— Встань на позицию, Марцинкевич, — тоном, не требующим возражений, отозвался тренер и указал Тимофею пальцем, напоминая тому, где он должен стоять. Когда нерадивый хоккеист отъехал, мужчина громко хлопнул в ладоши и встал. — Отставить шум и галдёж! Начали.
Однако на издёвках капитана испытания на этот день не закончились. Ноги стали ватные и непослушные, а в голове — словно ветер гуляет, сквозь который звучит одна и та же мелодия с предыдущей тренировки и повторяется счёт: «Раз… два… поворот!»
Тим и сам не сразу понял, что сделал.

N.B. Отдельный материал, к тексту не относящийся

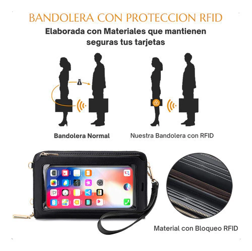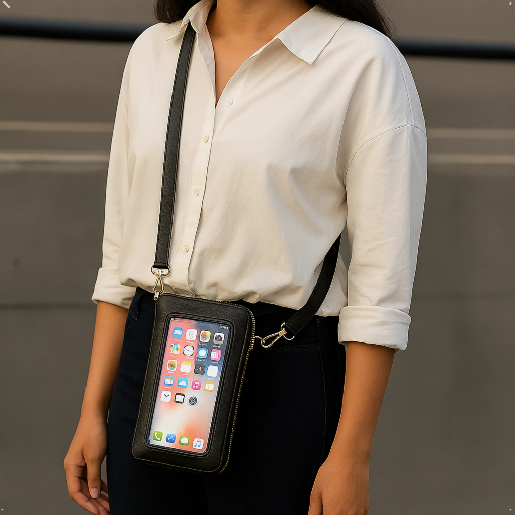 Diseñada para acompañarte con elegancia, seguridad y funcionalidad, esta bandolera convierte lo cotidiano en sofisticado. Con visor táctil transparente, doble correa intercambiable y bloqueo RFID, es tu mejor aliada para moverte segura y con estilo.
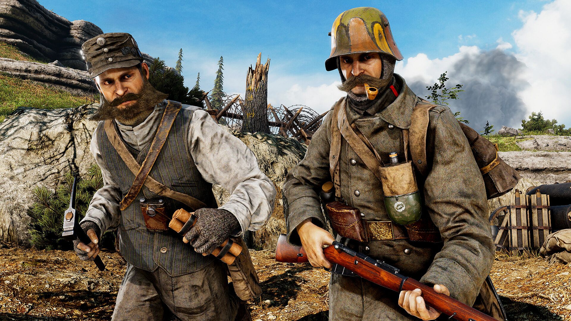 Austro-Hungarian uniforms include an assault troop laden with grenades, well-equipped loadouts and a seldom seen way of wearing the KuK's iconic greatcoat. The rifleman loadout showcases a large greatcoat with heavy equipment and some rare camouflage patterns seen on Austrian helmets. The engineer sports a sapper look, with satchels of TNT and just a shirt and waistcoat for the warm mines. The Generalmajor staff officer uniform is re-released with two headgear variations influenced by the Austrian commander Hotzendorf.
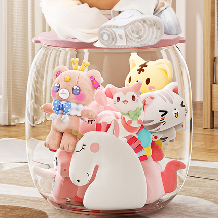 收纳桶娃娃神器装零食桶小玩偶毛绒玩具透明凳子儿童大收纳箱圆筒
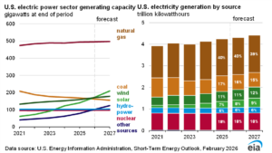 Natural gas, however, is still the major source of generation and the fuel of choice for data centers and manufacturers, supplying around 40% in both 2026 and 2027, according to EIA’s forecasts. Solar is expected to supply less than 10% as it is not as efficient, providing only about a quarter of the energy that natural gas can supply with the same amount of capacity. EIA projects only three gigawatts of new natural gas capacity coming online in 2026 and 2027.

Осознание пришло только после свистка тренера и разъярённого крика Скворцова: вместо того, чтобы передать летящую в его сторону шайбу нападающему, он развернулся («По-во-рот!») и отбросил её к воротам. Шайба изящно пролетела между широко расставленными ногами недоумевающего вратаря, почти обиженно пробубнившего:
— Мы ж за одну команду сейчас.
— Марцинкевич! — взревел тренер и пальцем поманил несчастного к себе. Прежде чем отъехать к Эдуарду Тихоновичу, Тимофей бросил короткий взгляд на Скворцова: тот с победоносным видом качал головой из стороны в сторону, едва различимо припевая: «ай-яй-яй…».
— Эдуард Тих…
— Иди-ка домой, — глухо, с придушенной злостью в голосе приказал тренер. Тимофей испуганно распахнул глаза.
— Но…
— Я сказал: поговорим дома, Тим.
Тимофей не сомневался: дома отец с ним поговорит. Как говорил до этого не один раз. И как Тимофей каждый раз после таких разговоров обещал никогда не опаздывать и клялся всем, чем можно, что будет успевать везде. И не принесёт в жертву одно увлечение другому.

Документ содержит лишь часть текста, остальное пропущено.